A recent study of e-discovery practices found that "Few technology and strategy decision-makers report having a holistic approach to eDiscovery. In fact, only 23% claimed to have an end-to-end approach to gather and filter information. And a full two-thirds consider their eDiscovery strategy reactive rather than proactive." (Source: Forrester Research, Inc.) How do you make the case that another search system will be any better than the ones you already have? I challenged two vendors to explain the case for e-discovery systems: StoredIQ and EMC. StoredIQ of Austin, Texas, provides patent-pending ESI governance solutions. EMC's SourceOne information governance solutions build on StoredIQ products.

Ursula Talley, VP of marketing at StoredIQ, concedes that enterprise search is indispensable for knowledge workers, but that e-discovery solves a different problem. "E-discovery search is designed to support a workflow that can be legally defended in court" and results in a set of data files that are preserved in a new, target location without any changes to the metadata. Unlike typical enterprise search systems that emphasize recall-giving you everything you might ever want to find-e-discovery systems deliver precisely specified results. Moreover, says Talley, the quarantining process may require copying thousands of gigabytes, without disrupting user productivity.

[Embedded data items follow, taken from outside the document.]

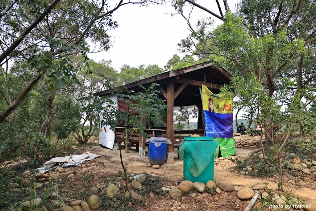「永壽亭」被包得像一個工寮,裡面有桌椅,還有瓦斯爐、炊具,看得出有山友經常來這裡休息。
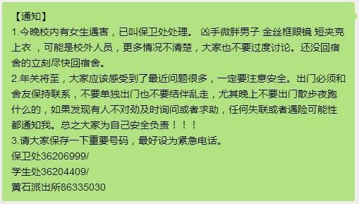 昨晚有網帖稱,廣東外語外貿大學一女生于昨晚遇害,遇害時,該女子剛跑完步,在操場上壓腿后,遭一名男子持刀割喉捅殺。而后,有疑似該校保衛部門的提醒流出,其中稱兇手是一名微胖男子,金絲框眼鏡,短夾克上衣,可能是校外人員。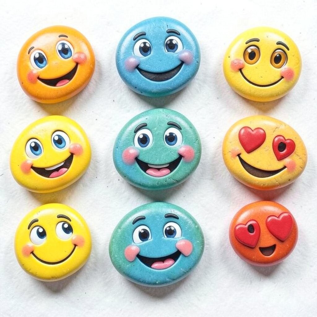 Emoji stones are super fun and make everyone smile. Use bright colors and clear shapes. These are perfect for kids or as a playful desk accessory!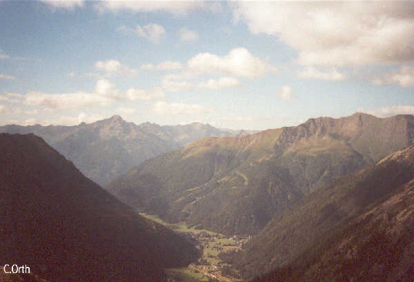 dem Kessel hinaus, so sieht man die Bergwelt rund um Obervellach.

Lori McKellar, EMC's senior product marketing manager, also emphasizes the special nature of e-discovery as "the need to take action on the content in very specific ways-collect, process, analyze, review, etc.-while ensuring chain of custody and auditing all action taken." She also points out that when e-discovery lawsuits occur, they can cost more than $1.5 million to defend. Although those costs can be high, there is still the tendency to hope they'll be somebody else's problem. Another tack might be to see if you can get ahead of the curve, perhaps by leveraging some technology you already support, such as taxonomies or managed search system thesauri. McKellar agrees and says that "at its root, e-discovery is fundamentally an information management problem. Information management and the e-discovery process are intertwined."

Your work today to organize and classify information will make a future e-discovery process easier, and establishing good electronic records management programs will complement e-discovery. The continuous struggle to implement an electronic records management program, encouraging everyone to keep only what's needed and delete the rest, is critical. The ERM program will pay not only green benefits (reducing storage and backup costs) but will also lower e-discovery costs because there will be fewer incriminating documents to search through. However, tools alone, even e-discovery tools, build on information management best practices. Anyone can Bing or Google, so they expect they can simply transfer those skills to in-house search systems to satisfy an e-discovery request. These acquired search skills are unlikely to suffice under deadlines to find everything needed. Firms will need to leverage their in-house librarian or taxonomy resources even with the best of e-discovery tools.

I once heard a records management instructor say, "Lawsuits are your friend." By that he meant that it sometimes takes a lawsuit to get management backing for a records management program. However, if you are unprepared for it, an e-discovery request may not be the kind of friend you need.